*** Opening of Information ***
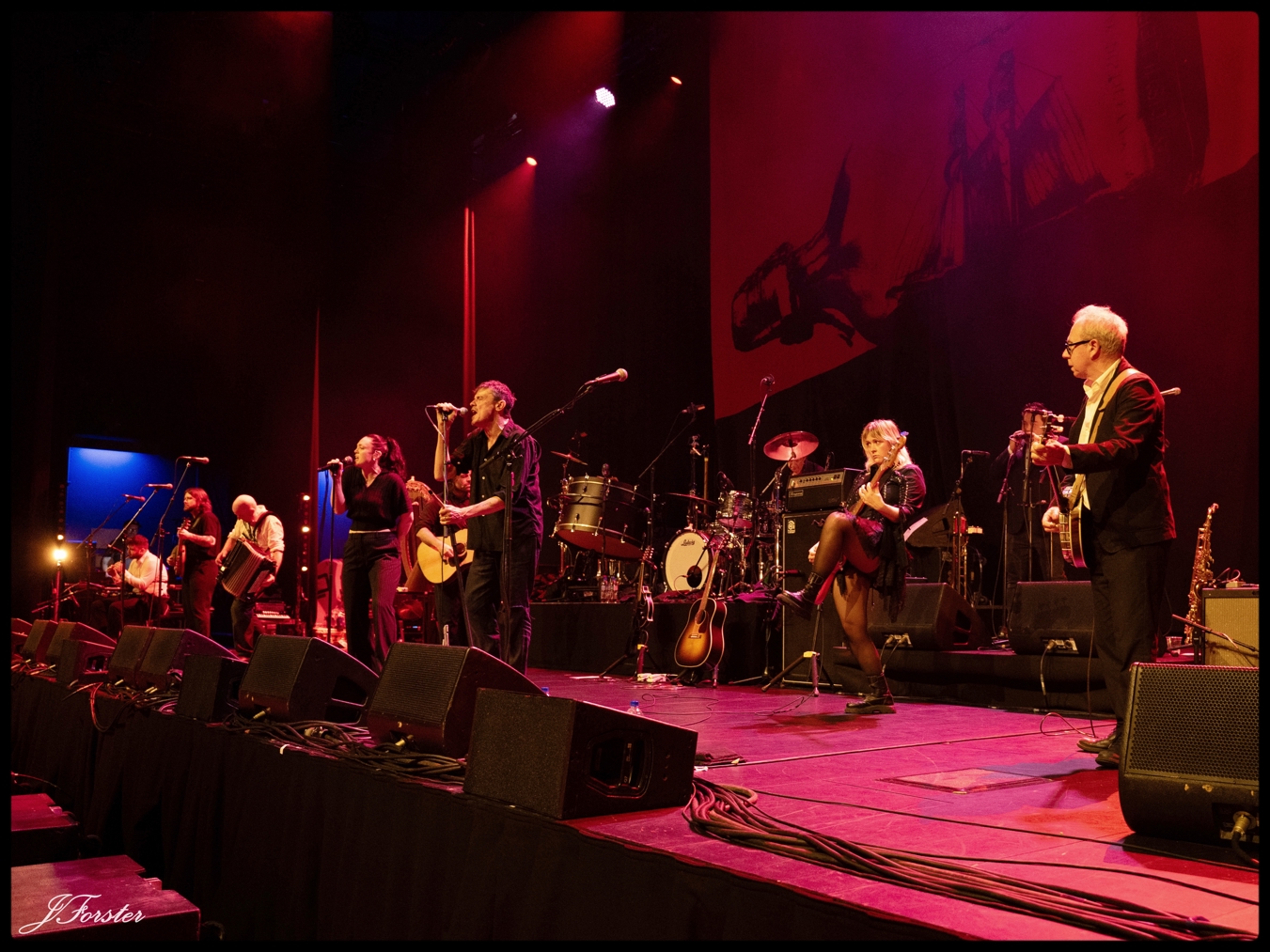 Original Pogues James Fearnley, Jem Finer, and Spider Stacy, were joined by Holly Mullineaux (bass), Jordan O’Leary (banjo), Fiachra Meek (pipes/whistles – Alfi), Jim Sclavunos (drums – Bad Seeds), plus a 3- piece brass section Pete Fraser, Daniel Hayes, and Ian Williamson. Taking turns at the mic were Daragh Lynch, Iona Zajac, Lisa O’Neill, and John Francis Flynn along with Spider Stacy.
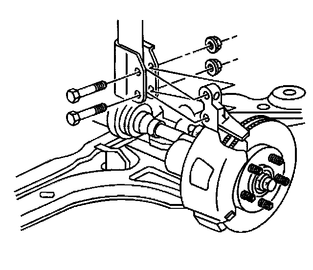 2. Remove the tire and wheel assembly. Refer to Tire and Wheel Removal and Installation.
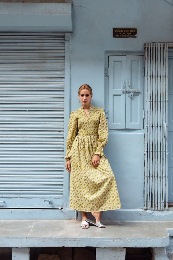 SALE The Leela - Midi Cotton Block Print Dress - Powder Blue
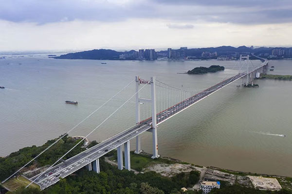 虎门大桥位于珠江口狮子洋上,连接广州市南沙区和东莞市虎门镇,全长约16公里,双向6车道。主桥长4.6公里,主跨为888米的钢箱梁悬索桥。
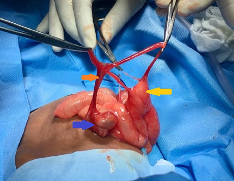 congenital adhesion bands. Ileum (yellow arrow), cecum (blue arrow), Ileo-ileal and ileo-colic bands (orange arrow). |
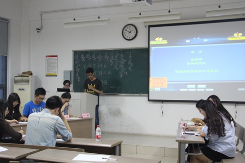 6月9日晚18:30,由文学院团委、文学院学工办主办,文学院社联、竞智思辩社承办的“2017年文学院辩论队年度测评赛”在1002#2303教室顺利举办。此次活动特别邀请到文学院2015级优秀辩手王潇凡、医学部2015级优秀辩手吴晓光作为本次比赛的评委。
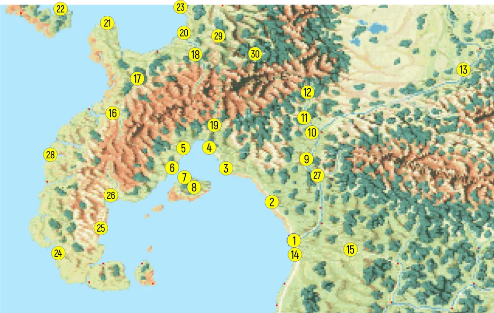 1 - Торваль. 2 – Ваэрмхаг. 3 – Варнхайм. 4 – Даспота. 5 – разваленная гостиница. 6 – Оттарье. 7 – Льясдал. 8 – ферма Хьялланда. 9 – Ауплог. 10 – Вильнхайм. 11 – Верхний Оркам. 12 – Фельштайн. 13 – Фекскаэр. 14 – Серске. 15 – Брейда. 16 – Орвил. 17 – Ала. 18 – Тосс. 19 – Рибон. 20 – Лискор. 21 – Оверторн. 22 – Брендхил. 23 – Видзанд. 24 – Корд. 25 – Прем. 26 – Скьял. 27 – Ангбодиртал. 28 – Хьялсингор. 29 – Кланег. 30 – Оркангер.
*** Close of Information ***
*** Opening of Information ***
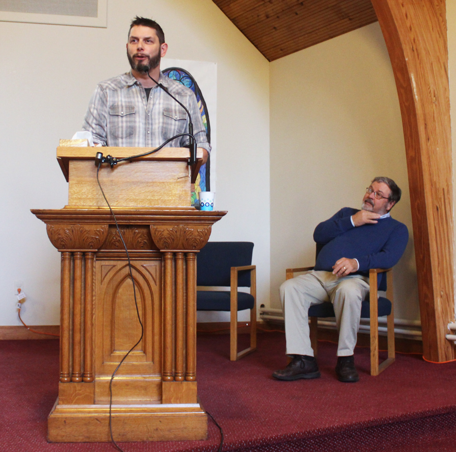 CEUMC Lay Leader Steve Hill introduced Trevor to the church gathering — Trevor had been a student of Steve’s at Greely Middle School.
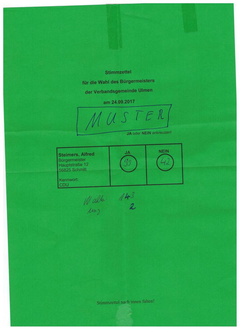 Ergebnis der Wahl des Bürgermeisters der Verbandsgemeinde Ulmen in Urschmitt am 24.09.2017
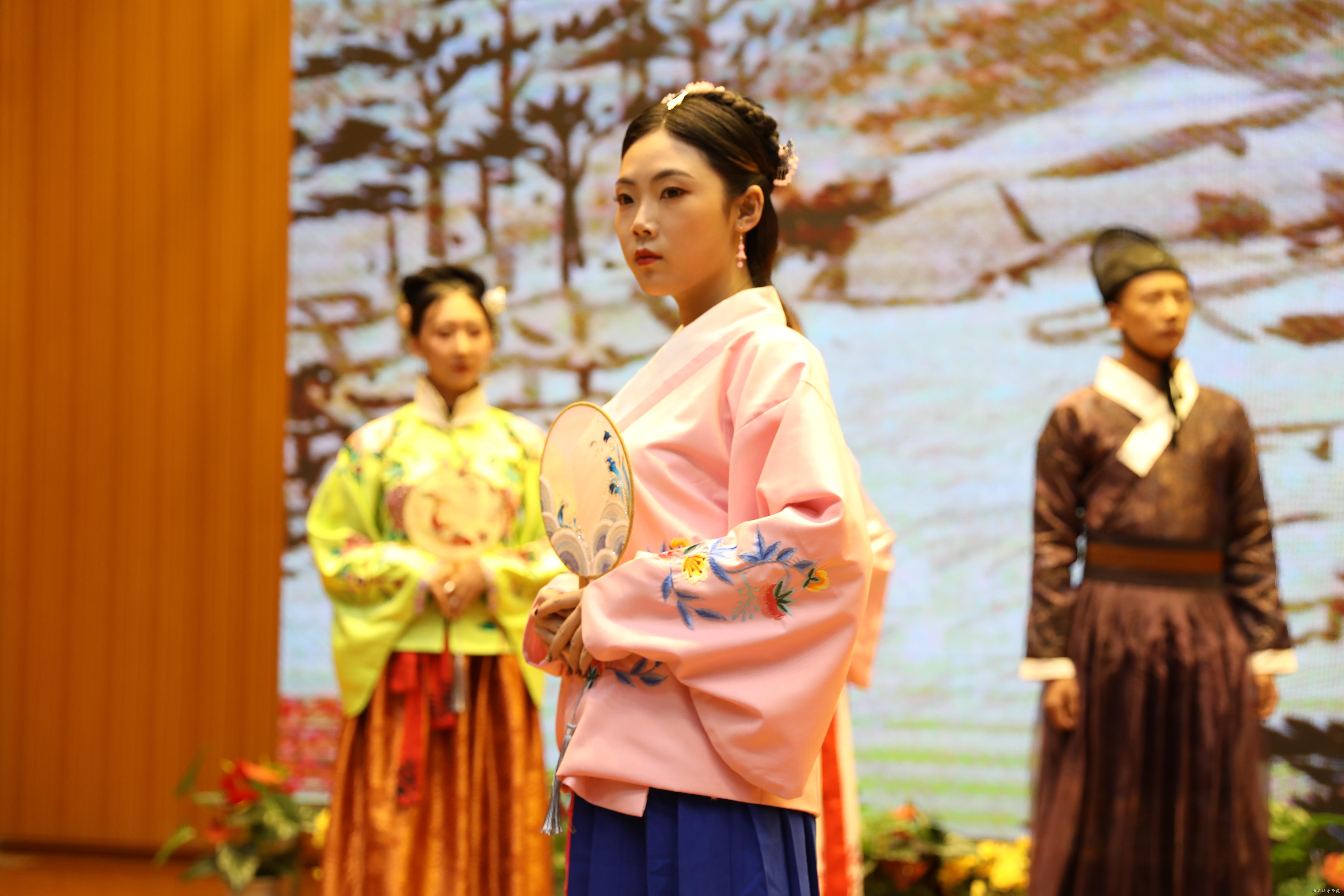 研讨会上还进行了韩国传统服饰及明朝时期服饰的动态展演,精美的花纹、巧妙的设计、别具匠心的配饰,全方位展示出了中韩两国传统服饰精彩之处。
*** Close of Information ***
Assigned task: Look above for the line with "Original Pogues James" and the line with "congenital adhesion bands.", then copy exactly the lines from the first through the second, both kept, with no pictures.

Expected answer:
 Original Pogues James Fearnley, Jem Finer, and Spider Stacy, were joined by Holly Mullineaux (bass), Jordan O’Leary (banjo), Fiachra Meek (pipes/whistles – Alfi), Jim Sclavunos (drums – Bad Seeds), plus a 3- piece brass section Pete Fraser, Daniel Hayes, and Ian Williamson. Taking turns at the mic were Daragh Lynch, Iona Zajac, Lisa O’Neill, and John Francis Flynn along with Spider Stacy.
 2. Remove the tire and wheel assembly. Refer to Tire and Wheel Removal and Installation.
 SALE The Leela - Midi Cotton Block Print Dress - Powder Blue
 虎门大桥位于珠江口狮子洋上,连接广州市南沙区和东莞市虎门镇,全长约16公里,双向6车道。主桥长4.6公里,主跨为888米的钢箱梁悬索桥。
 congenital adhesion bands. Ileum (yellow arrow), cecum (blue arrow), Ileo-ileal and ileo-colic bands (orange arrow). |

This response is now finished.